Repair guys get very invasive access to your PC. It'd be good not to trust them, whilst they retain the ability to mess with your machine to the necessary degree. Found using a market survey to find out what Best Buy's Geek Squad and Apple's (ptooie) Genius Bar minions dealt with about 75% pure-software problems, so it should generally possible to use a virtual computer repair service. Propose to use existing dependency tracking work to merge changes made by the repairer and by the customer during the repair time. They generally want to have the repairer's changes happen first so that future customer errors are prevented. Relatedly they want to support rollback by essentially rebasing the customer's changes since the repair on top of the timeline up to the repair. The repairer could help by expressing his changes in an easy way to merge with concurrent mods, e.g. raise the level of abstraction from FS operations to the invocation of a standard script. Hope that many repairs are standard and so can be verified easily. (cs)

Structuring the Unstructured Middle with Chunk Computing

We can distributed-program using GPUs, multicore, cloud... all require difficult problem-fragmentation by the programmer. Idea: we should use something more structured than ASM to describe the task to the processor. They used linked Chunks, which are slabs of data with explicitly declared connections to other chunks. They can be used as hints to localise related computation. Could represent the stack of a thread in execution using linked chunks; a chunk per frame. A powerful hint would be two threads sharing a chunk -- they'll likely need coherence, so we should run them on the same core / related core / same machine / same rack etc. Chunks are fixed-size in order to make chunk-count a good predictor of migration-cost. (cs)

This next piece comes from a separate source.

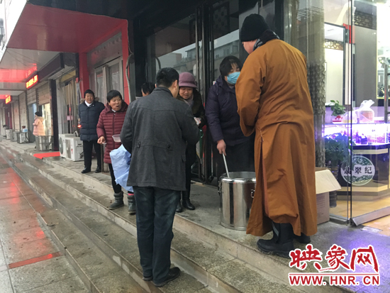 5日早上7點(diǎn)雖然下著小雨,滎陽(yáng)市康泰路于廣武路交叉口西約100米路北,一家“翡翠紀(jì)”的店門口前卻是熱鬧非凡,一名身著僧服的僧人正在給過(guò)往市民從保溫桶里盛出熱氣騰騰的臘八粥。商家老板,上學(xué)學(xué)生,環(huán)衛(wèi)工人等紛紛來(lái)到門前,端著臘八粥喝了起來(lái)。

GPGPU, massively multi-core and cluster and cloud systems are new computing substrates that promise you an "unlimited" of processing elements. However, there is a management cost, which is not well understood, and various different strategies for dealing with them. Both programs and the machine have structures, but these are orthogonal. Assembly code is an unstructured intermediate that is not well-suited to very specialized machines. The chunk is a proposed structural abstraction. A chunk is a fixed-size block in memory that abstracts program structure and are individually mapped onto machine structure. Chunks have a fixed number of slots (fixed-size), and slots are typed and can contain a scalar or a link to a chunk. Explicit links expose the structure in the chunk graph, which the developer is forced to do by the restricted size of a chunk. Idea is that you can migrate computation from one set of processing elements to another set. Links between chunks can cross architectural boundaries. Need garbage collection for chunks, and some way to figure out what chunks should be migrated. Threads start out being represented by a thread chunk with a link to a (possibly linked-list) stack of chunks. Stack chunks may point to function chunks, or to object chunks. The links give us both a distance and a size metric. Therefore, nearby chunks should be collocated. Use a distance-k neighborhood of the thread object to show the important chunks to colocate. If these neighborhoods overlap, we can infer things like necessary synchronization, contention, etc. Distant threads can run without interference and need scheduling to avoid false sharing/contention. - dgm36

Macho: Programming with Man Pages

Programming is tedious, because you have to give a very precise and detailed description of your solution in your code. We want to automate programming: but existing tools (code snippet search etc.) don't have enough context to help you automatically. Macho goes from natural language text to candidate programs and hence to solutions. The example given is a high-level specification of `ls`. Programmer's labels (variable names) can act as clues to match against the input. The type system is also helpful here. Many candidate programs are kept in case you need to debug, and a previous version is more suitable as a starting point for fixing the bug. - dgm36

Programming is hard! Let's fully automate it! They've made an insane thing that tries to take a natural language description to real code. It works by stitching together provided code snippets that do useful things, and using an iterative unit-testing style thing to figure out whether it works. They have an example that can generate "ls" given a simple description, including omission of hidden files, error messages for not-a-directory... They can extract the specifics like that last from specific examples of correct execution. (cs)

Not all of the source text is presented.